Since KNN depends directly on distance calculations, this causes the algorithm to make poor decisions. The model becomes slow, inaccurate, and requires much more data to work correctly.

This is why dimensionality reduction techniques like PCA are often applied before using KNN, especially when datasets contain a large number of features.

Q 3. What is Principal Component Analysis (PCA)? How is it different from feature selection?

->  Principal Component Analysis (PCA) is a dimensionality reduction technique that transforms the original high-dimensional data into a smaller number of new variables called principal components. These components capture as much information (variance) as possible while reducing redundancy among features.

The key difference between PCA and feature selection is that PCA creates new features by combining existing ones, whereas feature selection simply chooses the most important existing features without altering them.

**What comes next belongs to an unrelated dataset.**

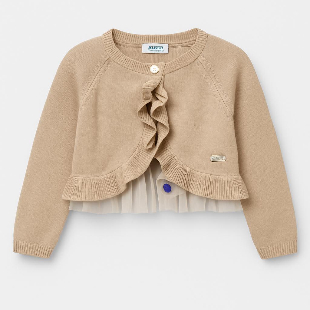 Questo adorabile cardigan di marca Chicco è il complemento perfetto per il guardaroba della tua piccola! Realizzato in morbidissimo cotone, il colore neutro e delicato rende questa giacca versatile per ogni outfit. La parte anteriore è elegante, con una delicata ruches che aggiunge un tocco di romanticismo, mentre il bordo in tulle sottolinea la sua femminilità. Le maniche lunghe assicurano comfort e calore, rendendola ideale per le fresche giornate primaverili e autunnali. Nonostante sia un capo usato, si presenta in ottime condizioni, pronto per accompagnare dolci momenti di gioco e avventure! Un must-have per le piccole fashioniste!

PCA is very useful for simplifying complex datasets, improving model performance, and reducing noise. It also helps in visualizing high-dimensional data more effectively.

Q 4. What are eigenvalues and eigenvectors in PCA, and why are they important? 

->  In PCA, eigenvalues and eigenvectors come from the covariance matrix of the dataset. Eigenvectors represent the directions in which the data varies the most, while eigenvalues represent how much variance lies along each direction.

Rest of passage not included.